Other experts panned the report for relying on circumstantial evidence to make confident claims about who may have been responsible. The team that did the analysis, FTI Consulting, declined to comment at the time.

Repeated questions about a firm’s credibility or expertise can trigger a more serious loss of trust.

In 2016, a bombshell report by independent journalist Brian Krebs revealed that Norse, an oft-quoted security company, was “imploding” after laying off much of its staff and firing its CEO. A major problem behind the scenes, said Krebs, citing former employees, was that the company had apparently been more committed to building a flashy, interactive map purporting to show real-time cyberattack traffic than it was in fleshing out its analytic capabilities.

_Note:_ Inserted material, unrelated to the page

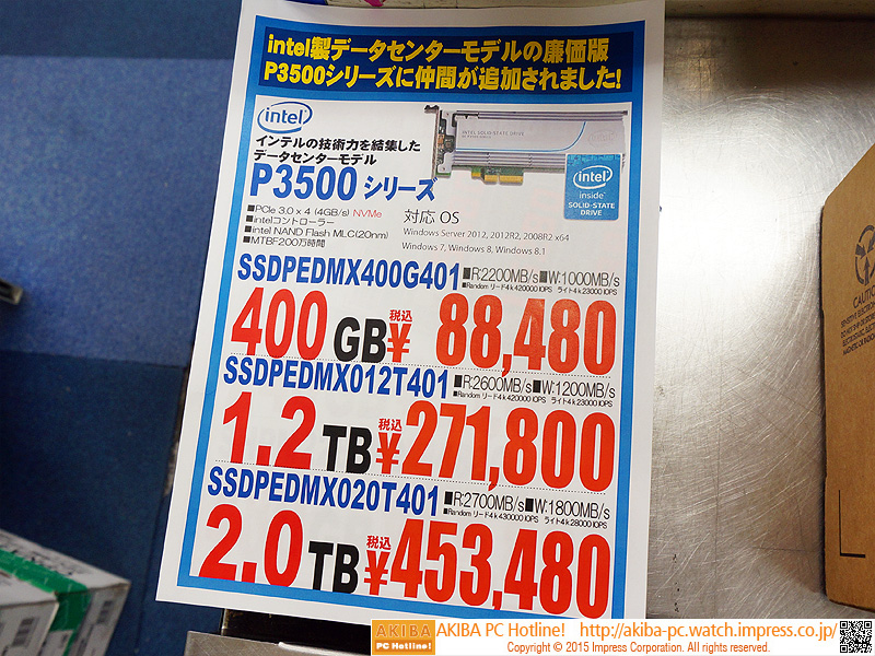 脅威のリード2GB/s超え、Intelの超高速SSD「DC P3700/P3600」が発売
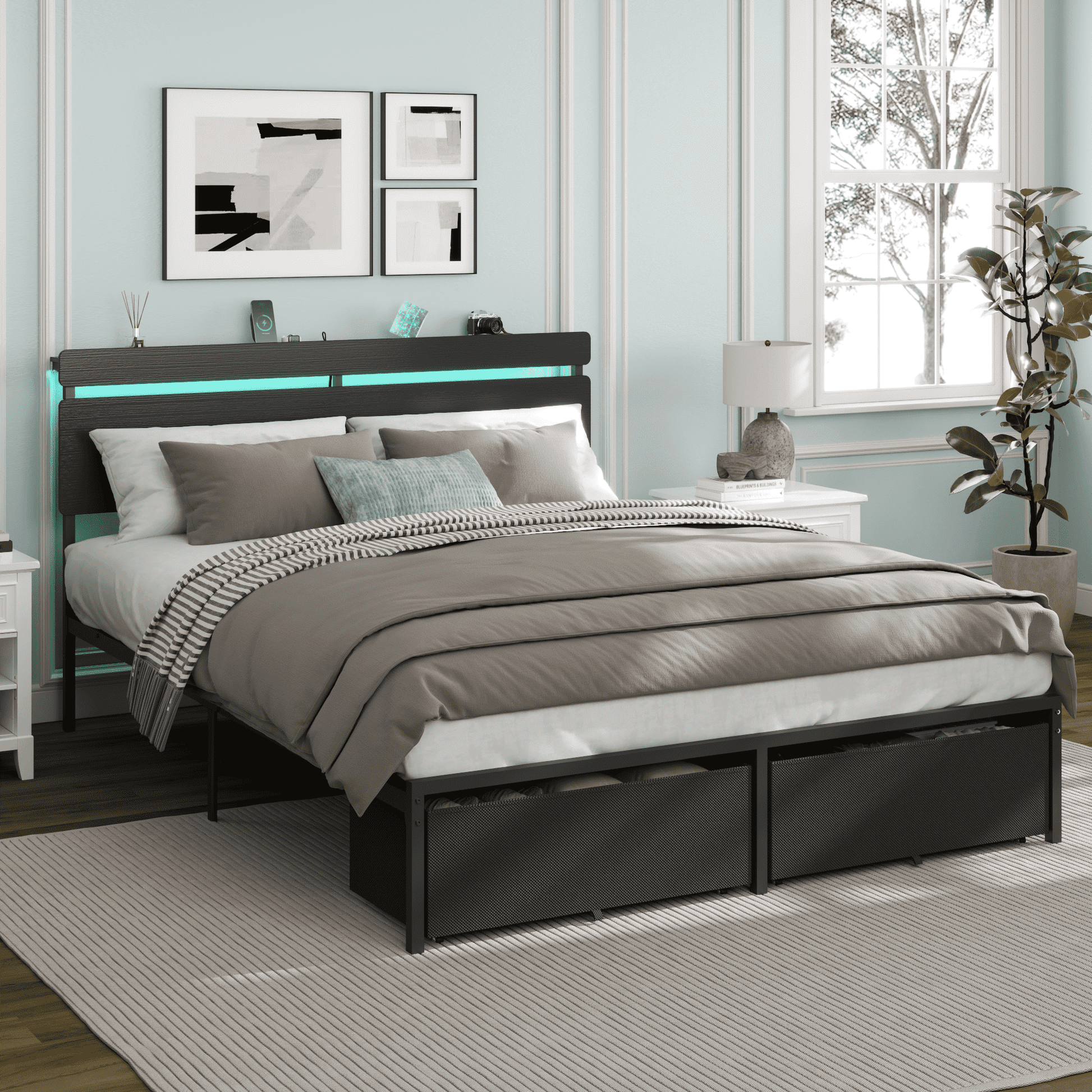 Tydimor Queen Size Bed Frame with 2 Drawers & LED Lights & Charging Station, Beds with Headboard & 10.10" Under Bed Storage, No Box Spring Needed, Easy Assembly, Black

Norse later issued a press release alleging “serious errors” in Krebs’s reporting, focusing on details relating to the company’s ownership history and structure. But security experts had already long expressed doubts about Norse’s forensic analyses, questioning its research on Iran as well as the 2014 data breach affecting the entertainment giant Sony. The company’s profile has since diminished considerably; its last tweet was in 2016.

Preparing for the 2020 election

Just as cybersecurity firms can undermine their credibility by getting things wrong and appearing to get in the way of the public interest, though, many are pitching themselves as defenders of the public good.

A growing number of security companies have latched onto concerns about the 2020 elections and whether they could be hacked by foreign adversaries. More than a dozen companies, including Microsoft and Cloudflare, have joined together to offer cybersecurity services to political campaigns of all backgrounds.

The services are provided as in-kind donations, for free, through a not-for-profit group the Federal Election Commission cleared last year. The group is led by former US national security officials, as well as former presidential campaign managers for Hillary Clinton and Mitt Romney.

While it won’t make them any money directly, said Lewis, it’s a smart strategy that’ll likely mean even more growth down the road.

“It’s a sweet spot,” he said. “They get both marketing value and they get to do some good.”